We don't need to download the full file.

We already limit it to 1 MiB (once #5208 (comment) is merged) for opengraph metadata extraction, we could do a similar fallback option that fetches e.g. the first 512 bytes (https://github.com/flier/rust-mime-sniffer/blob/6413ad0a853aa8ce273ab5370020ec0dc36bbf50/src/magic.rs#L107-L109) or even 4 KiB (https://github.com/flier/rust-mime-sniffer/blob/6413ad0a853aa8ce273ab5370020ec0dc36bbf50/src/magic.rs#L379).

Comment on lines 67 to 80
let mut content_type: Option<Mime> = response
.headers()
.get(CONTENT_TYPE)
.and_then(|h| h.to_str().ok())
.and_then(|h| h.parse().ok());

// In some cases servers send a wrong mime type for images, which prevents thumbnail
// generation. To avoid this we also try to guess the mime type from file extension.
let guess = mime_guess::from_path(url.path());
if let Some(guess) = guess.first() {
if guess.type_() == mime::IMAGE {
content_type = Some(guess);
}
}
Copy link
Member

Choose a reason for hiding this comment

The reason will be displayed to describe this comment to others. Learn more.

I cleaned this up a bit: #5213

* Mime check fixes.

* Adding back comment.
@dessalines dessalines enabled auto-merge (squash) November 19, 2024 13:47
@dessalines
Copy link
Member

Not a big deal for this one, but in the future put the fixes #X message in the body of the commit message, not the first line. I always used to do it that way too but sleepless noted that github doesn't handle linking issues as cleanly when its the first line / commit title.

@Nutomic
Copy link
Member Author

Nutomic commented Nov 19, 2024

@dessalines In what way? The linking seems to work fine here.

@dessalines
Copy link
Member

dessalines commented Nov 19, 2024

I spose the main thing, is that it doesn't put a linkable issue in the body of the first comment of a PR ( I do see it lower though ).
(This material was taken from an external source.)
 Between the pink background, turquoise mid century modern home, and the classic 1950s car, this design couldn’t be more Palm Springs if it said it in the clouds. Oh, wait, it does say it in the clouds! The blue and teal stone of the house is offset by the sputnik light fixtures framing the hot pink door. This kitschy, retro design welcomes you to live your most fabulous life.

There might be some other things but I'm forgetting.

@Nothing4You
Copy link
Collaborator

even if you don't want to sniff content type from response bytes, why not use that as fallback only if no suitable mime type could be determined from header/content + opengraph instead of using it as preferred option?

@dessalines
Copy link
Member

Probably since services can send the wrong mime type for images, as mentioned in #5196 , and its up to us to handle their misconfigurations.

@dessalines dessalines merged commit 63ea99d into main Nov 19, 2024
1 of 2 checks passed
@Nothing4You
Copy link
Collaborator

Nothing4You commented Nov 19, 2024

the problem with civitai mentioned in #5196 returns a mime-type that wouldn't be handled by other metadata logic though.
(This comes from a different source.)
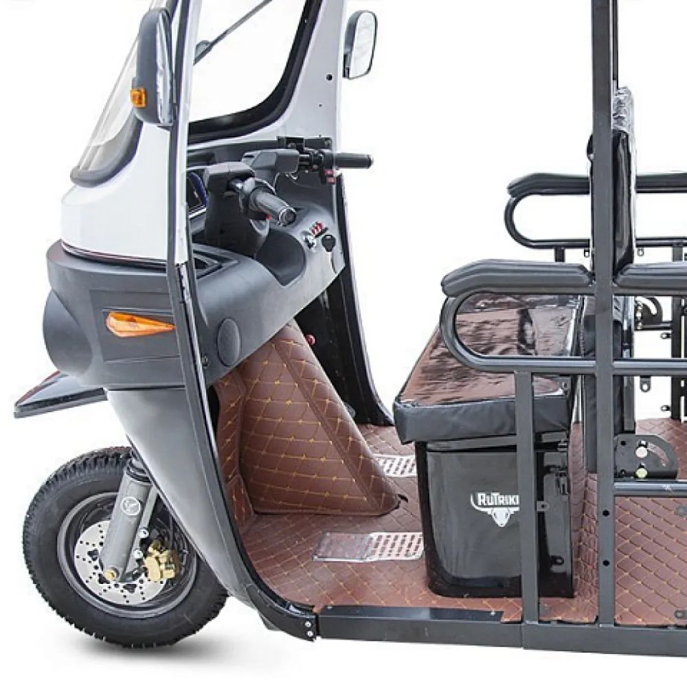 Электротрицикл Rutrike Рикша NEW 60V1800W в черно-белом цвете – лучший вариант тс для пассажирских перевозок в местах курорта и массового скопления людей. Купить крутую технику по сравнительно доступной стоимости предлагает наш интернет-магазин.

with the way the logic is currently implemented, there is no point in even sending a request at all if it's determined to be an image based on file extension heuristic, only issue a request after it's not matching an image file type.
in #5196 it was also pointed out that civitai is not even using a file extension that reflects the actual response content type. yes, it is still an image format, but not the one that is being served.

there are plenty of cases where image hosters serve html while the URL ends in an image file extension, such as https://pasteboard.co/BlkUDi1cB5hi.png. this is not at all uncommon and we shouldn't prioritize misbehaving services over well-behaving ones.
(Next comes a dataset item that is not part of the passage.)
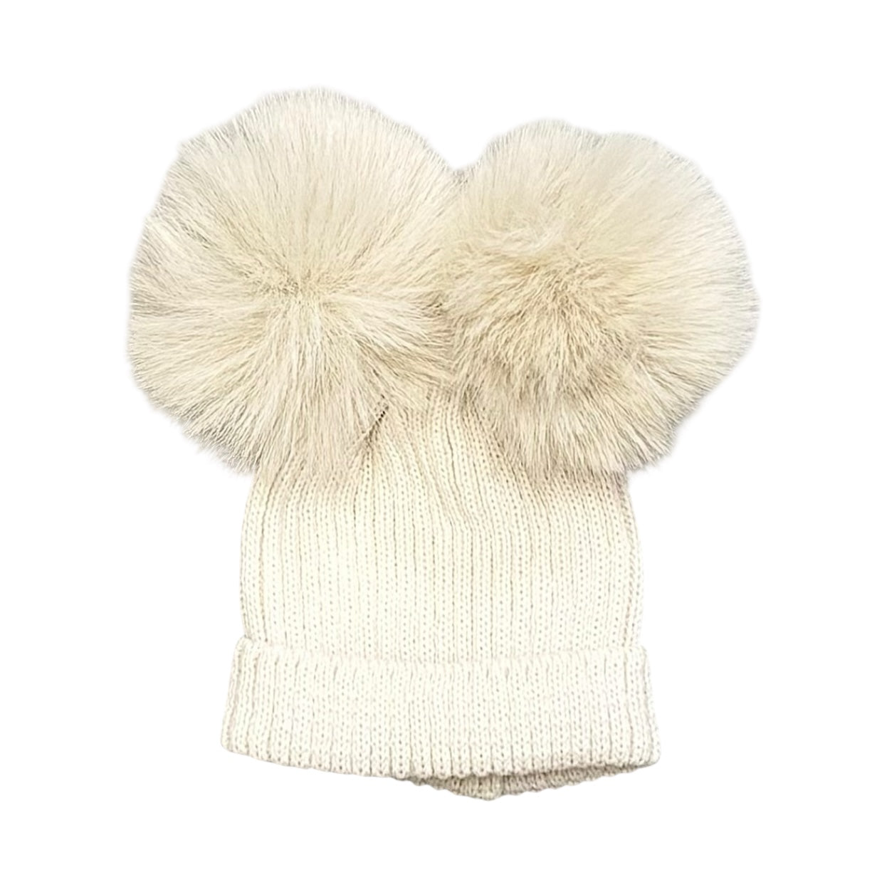 Mac Ilusion Cream Knit Double Fur Pom Hat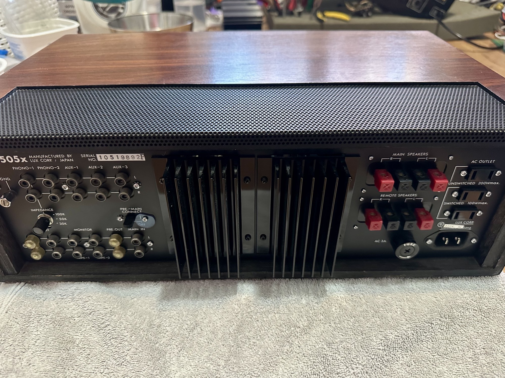 Luxman 505 X Versterker achterkant

the logic here could be changed to first take the response content type, then if it's an image, video or html assume that that is correct, if the content type is another one mime-type detection could be performed.
depending on the content types lemmy wants to properly support, I'd probably even consider only performing auto-detection when certain known-unprecise content types are detected, such as application/octet-stream, which is the default content-type, or binary/octet-stream, which seems to be an AWS S3 default based on comments in this issue.

if we were using mime-type sniffing by analyzing the first e.g. 512 bytes of the response, this would likely have a more accurate result than the content-type header provided by the server, and I would suggest preferring it in that case, but the file name is likely less accurate than the content-type header for most values that a content-type header would have.

@dessalines
Copy link
Member

I've re-opened the other issue. I don't have a hard stance on this, so I'll let others decide. There's a tradeoff between flexibility and strictness, and both have edge cases that aren't perfect.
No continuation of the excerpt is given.